Task item:
Omitting all images, output the entries that follow exactly as written.

Dataset items:
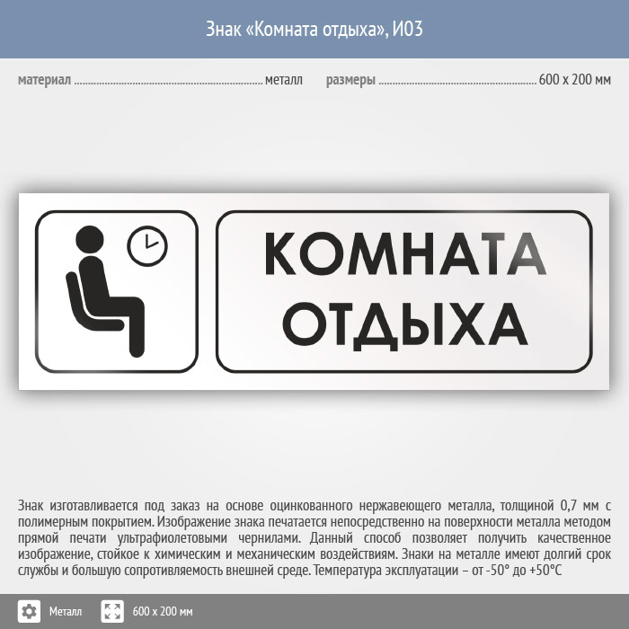Знак «Комната отдыха», И03 (металл, 600х200 мм) в Твери купить
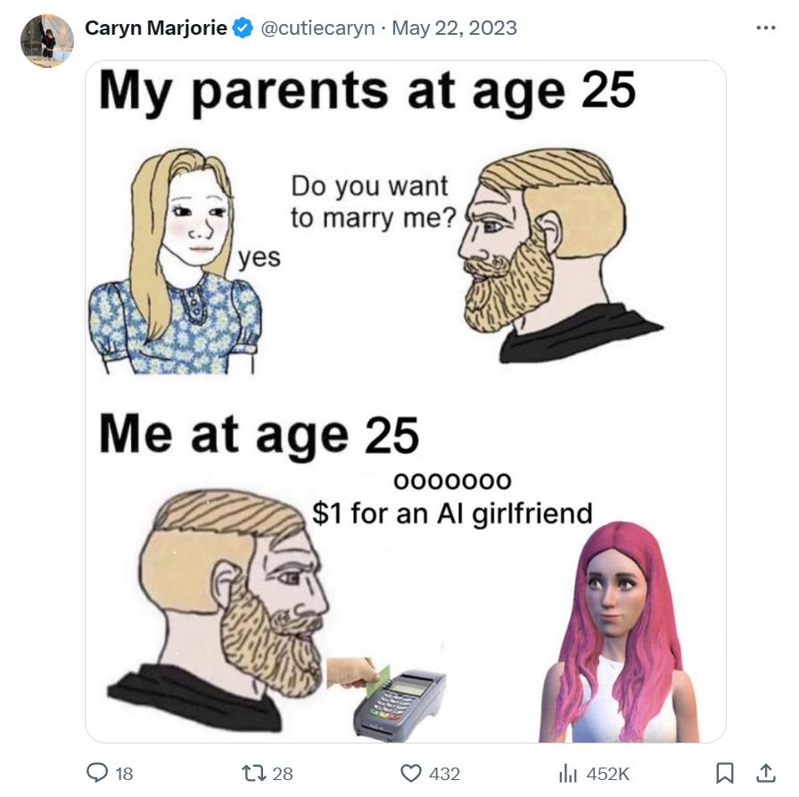 相信有很多人都看出来了,CarynAI没有多高的技术壁垒,它的原型Marjorie也不是出挑的美人儿,但CarynAI就是凭借“第一个AI伴侣+网红IP”的产品设计,攫取了大家的目光和钱包。
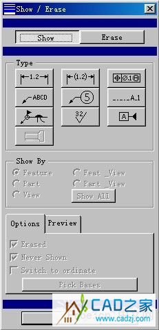 在DRAWING#p#分頁標題#e#模式下,選擇detail>show/erase,出現Show/Erase 對話框, Show/Erase對話框如右圖 。
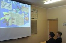 проведен для учащихся 7 класса. На основе презентации ребятам были предоставлены для решения ситуативные задачи, вопросы викторины. Кроме этого, была составлена памятка "Как вести себя при пожаре"
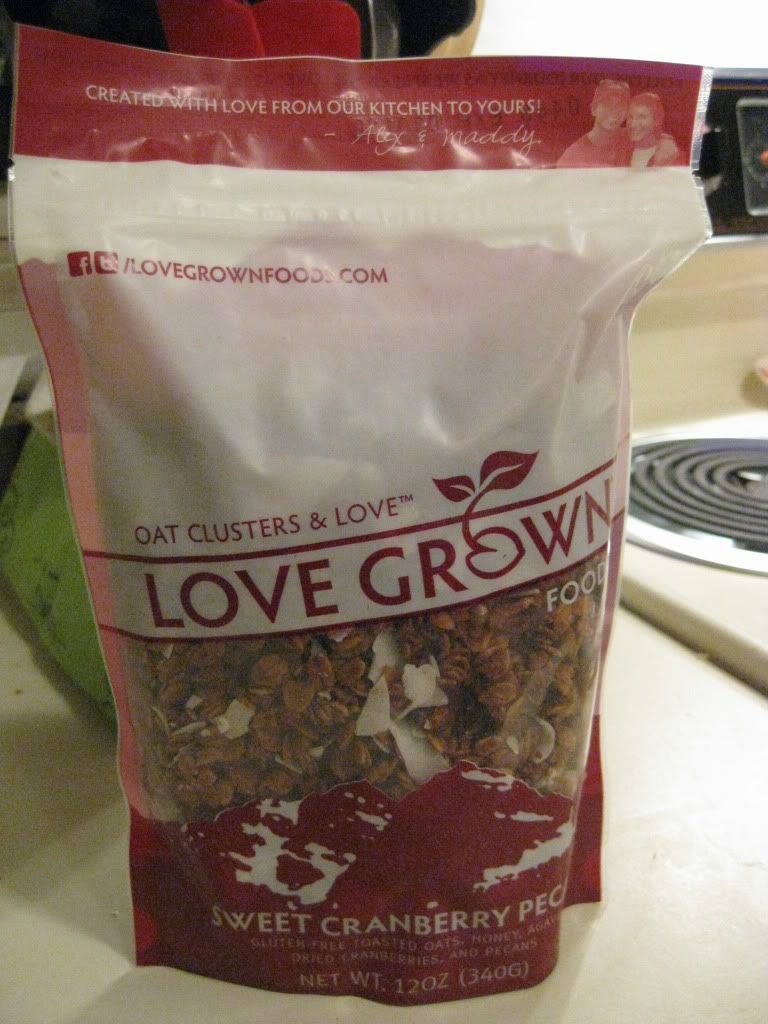One of the biggest bags in there was a pack of Sweet Cranberry Pecan Granola from a company I never heard of – Love Grown Foods. And with a company name like that…how can you resist at least trying it out?
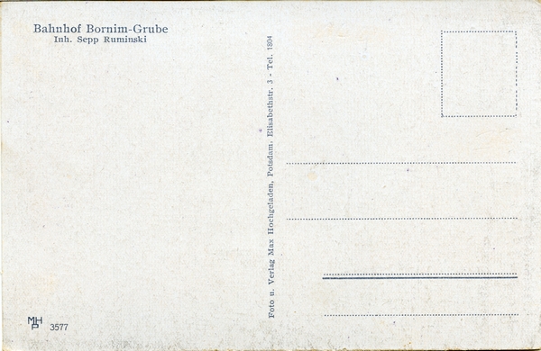 Text auf der Karte: Kirche. Blick auf Grube. Bahnhof. Rückseitig: Bahnhof Bornim-Grube Inh. Sepp Ruminski Entstehungszeit der Karte: gestempelt 13.09.1943 Straße und Hausnummer: Am Bahnhof Kartenart: Ansichtskarte Kartentechnik: SW-Foto Verlag: MHP 3577 Foto u. Verlag Max Hochgeladen, Potsdam, Elisabethstr. 3- Tel. 1804 Gelaufen/ungelaufen: gelaufen Zustand (I=sehr gut bis V=mangelhaft): III Häufigkeit (h=häufig bis rrr=sehr selten): h
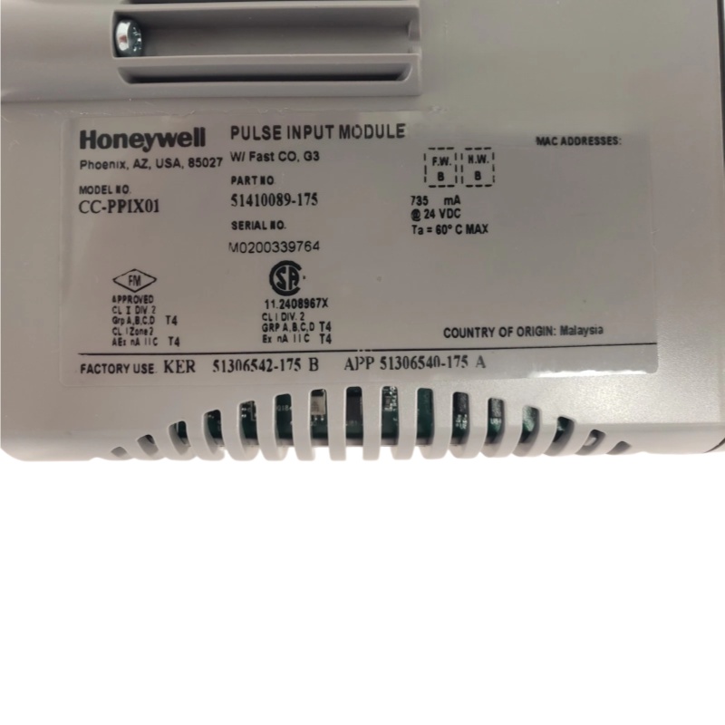 The HONEYWELL CC-PPIX01 51410089-175 Pulse Input Module (PIM) provides the Experion C300 controller with the ability to monitor various pulse input field values. The PI module processes signals from pulse-generating devices and provides a calculated rate and an accumulated total.
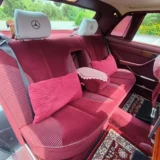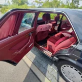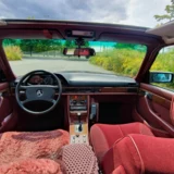 Was diese S-Klasse auszeichnet ist der seidenweiche V8 des 420, der nicht so brachial ist, wie der 560er, sein Vorteil und Charakter der eines fliegenden Teppichs zu vergleichen ist, aber immer mit Reserve. Der Underdog? Sicher. Andere sagen: „Für Kenner. ‚Tür zu, Welt draußen‘, dass was man der S-Klasse nachsagt, trifft hier in besonderem Maße zu. Die mittelrote Veloursausstattung (kostete Aufpreis gegenüber Leder) zeigt keinerlei Abnutzung. Kaum ist die Tür geschlossen, wird man von ihr vereinnahmt. Und möchte man sich ungestört darauf einlassen, Blicke draußen lassen, zieht man einfach die Vorhänge zu, klappt den Picknicktisch runter und lässt sich chauffieren. Aber auch vorne links begeistert dieses Exemplar; man spürt sofort die Erhabenheit und Souveränität, in jeglicher Hinsicht, ein Fahrwerk, was sich auch heute noch nicht verstecken braucht, ein kraftvoller Motor, der die 200 locker knackt, die lange Haube und letztendlich die stetige Präsenz des Sterns, der immer daran erinnert, wo man sich befindet und wie man sich fühlt; himmlich.
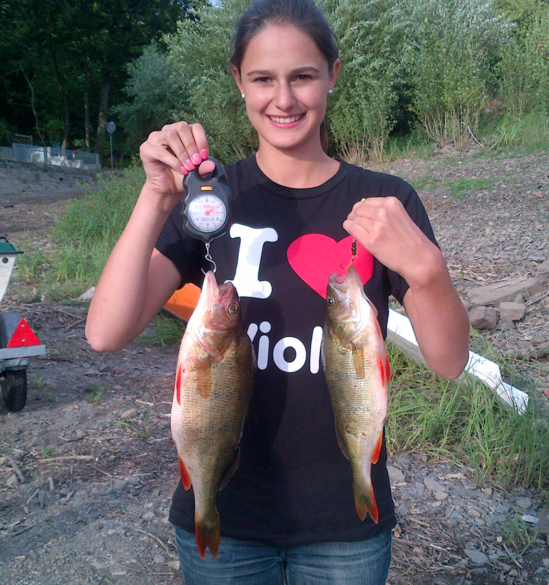 V. Basile Viola Basile präsentiert die beiden größten Barsche ihrer erfolgreichen Edersee-Tour.
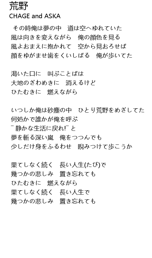 | いつしか俺は砂塵の中 ひとり荒野をめざしてた | |
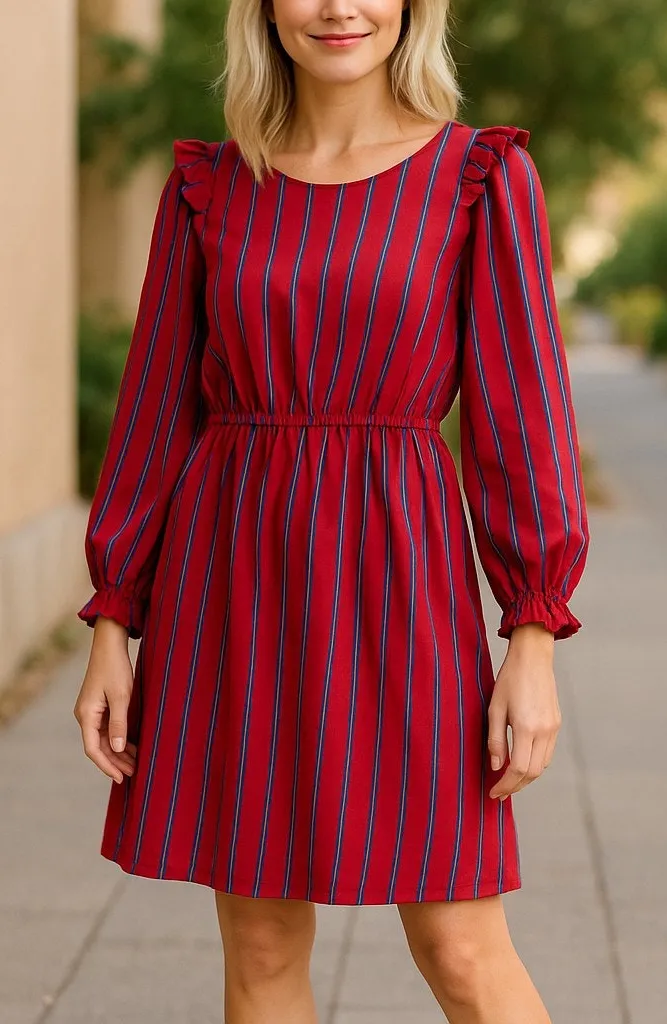 Forever 21 Vintage Look Burgundy Blue Striped Ruffle Dress Size M GENERALLY SHIP SAME OR NEXT DAY F... Show more

Task solution:
Знак «Комната отдыха», И03 (металл, 600х200 мм) в Твери купить
 相信有很多人都看出来了,CarynAI没有多高的技术壁垒,它的原型Marjorie也不是出挑的美人儿,但CarynAI就是凭借“第一个AI伴侣+网红IP”的产品设计,攫取了大家的目光和钱包。
 在DRAWING#p#分頁標題#e#模式下,選擇detail>show/erase,出現Show/Erase 對話框, Show/Erase對話框如右圖 。
 проведен для учащихся 7 класса. На основе презентации ребятам были предоставлены для решения ситуативные задачи, вопросы викторины. Кроме этого, была составлена памятка "Как вести себя при пожаре"
One of the biggest bags in there was a pack of Sweet Cranberry Pecan Granola from a company I never heard of – Love Grown Foods. And with a company name like that…how can you resist at least trying it out?
 Text auf der Karte: Kirche. Blick auf Grube. Bahnhof. Rückseitig: Bahnhof Bornim-Grube Inh. Sepp Ruminski Entstehungszeit der Karte: gestempelt 13.09.1943 Straße und Hausnummer: Am Bahnhof Kartenart: Ansichtskarte Kartentechnik: SW-Foto Verlag: MHP 3577 Foto u. Verlag Max Hochgeladen, Potsdam, Elisabethstr. 3- Tel. 1804 Gelaufen/ungelaufen: gelaufen Zustand (I=sehr gut bis V=mangelhaft): III Häufigkeit (h=häufig bis rrr=sehr selten): h
 The HONEYWELL CC-PPIX01 51410089-175 Pulse Input Module (PIM) provides the Experion C300 controller with the ability to monitor various pulse input field values. The PI module processes signals from pulse-generating devices and provides a calculated rate and an accumulated total.
 Was diese S-Klasse auszeichnet ist der seidenweiche V8 des 420, der nicht so brachial ist, wie der 560er, sein Vorteil und Charakter der eines fliegenden Teppichs zu vergleichen ist, aber immer mit Reserve. Der Underdog? Sicher. Andere sagen: „Für Kenner. ‚Tür zu, Welt draußen‘, dass was man der S-Klasse nachsagt, trifft hier in besonderem Maße zu. Die mittelrote Veloursausstattung (kostete Aufpreis gegenüber Leder) zeigt keinerlei Abnutzung. Kaum ist die Tür geschlossen, wird man von ihr vereinnahmt. Und möchte man sich ungestört darauf einlassen, Blicke draußen lassen, zieht man einfach die Vorhänge zu, klappt den Picknicktisch runter und lässt sich chauffieren. Aber auch vorne links begeistert dieses Exemplar; man spürt sofort die Erhabenheit und Souveränität, in jeglicher Hinsicht, ein Fahrwerk, was sich auch heute noch nicht verstecken braucht, ein kraftvoller Motor, der die 200 locker knackt, die lange Haube und letztendlich die stetige Präsenz des Sterns, der immer daran erinnert, wo man sich befindet und wie man sich fühlt; himmlich.
 V. Basile Viola Basile präsentiert die beiden größten Barsche ihrer erfolgreichen Edersee-Tour.
 | いつしか俺は砂塵の中 ひとり荒野をめざしてた | |
 Forever 21 Vintage Look Burgundy Blue Striped Ruffle Dress Size M GENERALLY SHIP SAME OR NEXT DAY F... Show more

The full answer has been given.